The demise of the stability fund is a consequence of this myopic approach. At first, the fund’s mandate was restricted to attract support from member states. Later, when the scope of action was broadened, the amount of money was restricted as a way to make the new mandate more palatable to opponents. The result was a series of compromises that amounted to throwing the baby out with the bath water.
German Resistance
Issuing joint euro bonds was another option that could have raised capital to shore up the banks and perhaps make funding costs manageable. Again, politicians resisted; in addition, Germany’s Federal Constitutional Court created serious roadblocks by requiring parliamentary approval for any rescue. The euro-bond option now appears to be off the table.
This leaves only one realistic option: The European Central Bank must be prepared to buy any new debt, potentially in huge amounts. It can also continue to help fund weak banks by letting them use dodgy collateral in exchange for fresh lending. Naturally, this scares orthodox central bankers, who view printing money to buy government debt as the road to hyperinflation. This fear is likely to be particularly acute among German monetary officials: Juergen Stark cited his opposition to the purchase program as the reason for his resignation from the ECB board this month.
‘Bridge Financing’
The path to full-scale ECB financing would probably begin with a failed government-bond auction, maybe by Italy, which has such high funding needs. In response, the politicians would determine that their only immediate recourse is “bridge financing” from the ECB. The central bank would be promised that a new entity -- possibly a modified version of the existing stability fund -- would be created to eventually take these assets off its books. At the same time, the politicians in the vulnerable countries would promise broad reforms to improve growth and reduce spending.
But even under this scenario, uncertainty remains: What will happen, say nine months later, when it’s time for the debtor countries to implement the painful reforms and for the creditor nations to hand over the money to relieve the ECB of its assets?
It’s likely that governments won’t have prepared taxpayers for these sacrifices and a revolt could ensue. In the debtor countries, the politicians could simply fail to deliver unpopular reforms, as we have seen in Greece.

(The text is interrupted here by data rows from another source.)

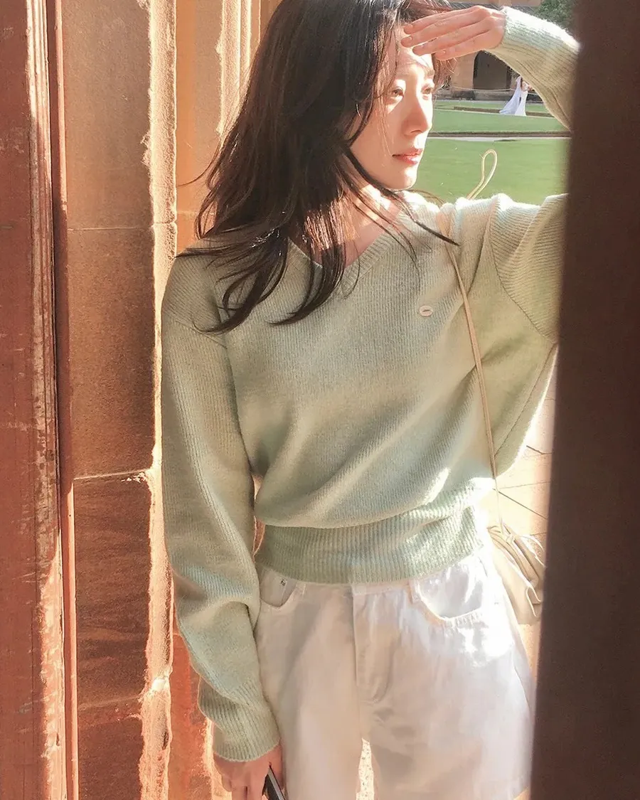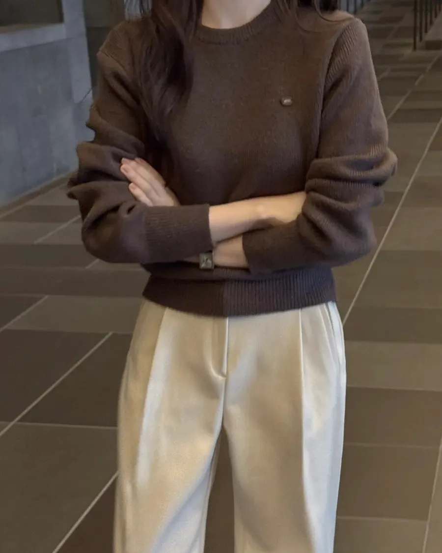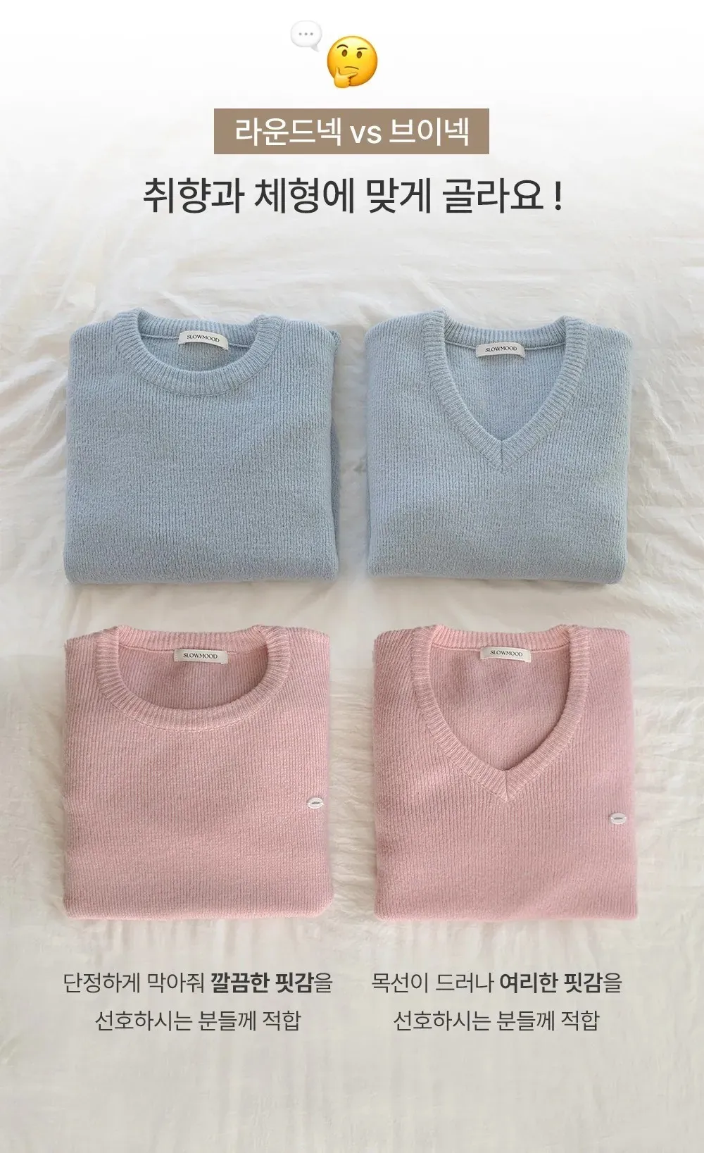 ANZ韓網代購🇰🇷Slowand自訂款 標準基礎厚針織 ( 圓領 / V領 / 圓領圖標 / V領圖標 )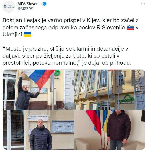 斯洛文尼亚驻乌克兰代办在驻基辅使馆复工之际发帖展示该国国旗。图片来源:推特页面截图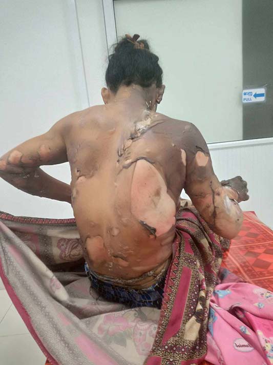 កេះដុតតែម្តងបណ្ដាលឲ្យឆេះរលាកពេញខ្លួនត្រូវបានក្រុមគ្រួសារ បញ្ជូនទៅសង្គ្រោះព្យាបាលនៅមន្ទីរពេទ្យបង្អែកខេត្តក្រចេះភ្លាមៗដែរ ។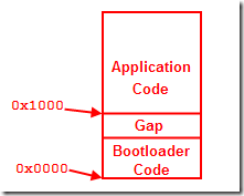 系統(tǒng)啟動(dòng)時(shí),首先運(yùn)行IAP BootLoader Code,并檢測相應(yīng)狀態(tài),判斷是執(zhí)行升級(jí)的流程還是直接運(yùn)行本地的Application Code。 一般來說,BootLoader和Application是分別編譯的,會(huì)生成兩個(gè)二進(jìn)制文件。在工廠生產(chǎn)時(shí),如果分別燒寫這兩個(gè)文件,顯然有些麻煩。這 時(shí),我們就可以將兩個(gè)BIN文件合并成一個(gè),直接燒寫。假設(shè)Application Code的偏移地址為0x1000,IAP固件在Flash中的分布如下圖所示。

If this happens, the ECB would be required to become a semi-permanent source of financing. It could very well refuse to adopt that role. Another possibility is that Germany and some other countries leave the euro.
If that decision is made, however, it will be in the midst of an emergency, and not as part of a carefully studied, democratically debated process.
(Anil K Kashyap, professor of economics and finance at the University of Chicago Booth School of Business and director of the Booth Initiative on Global Markets, is a contributor to Business Class. The opinions expressed are his own.)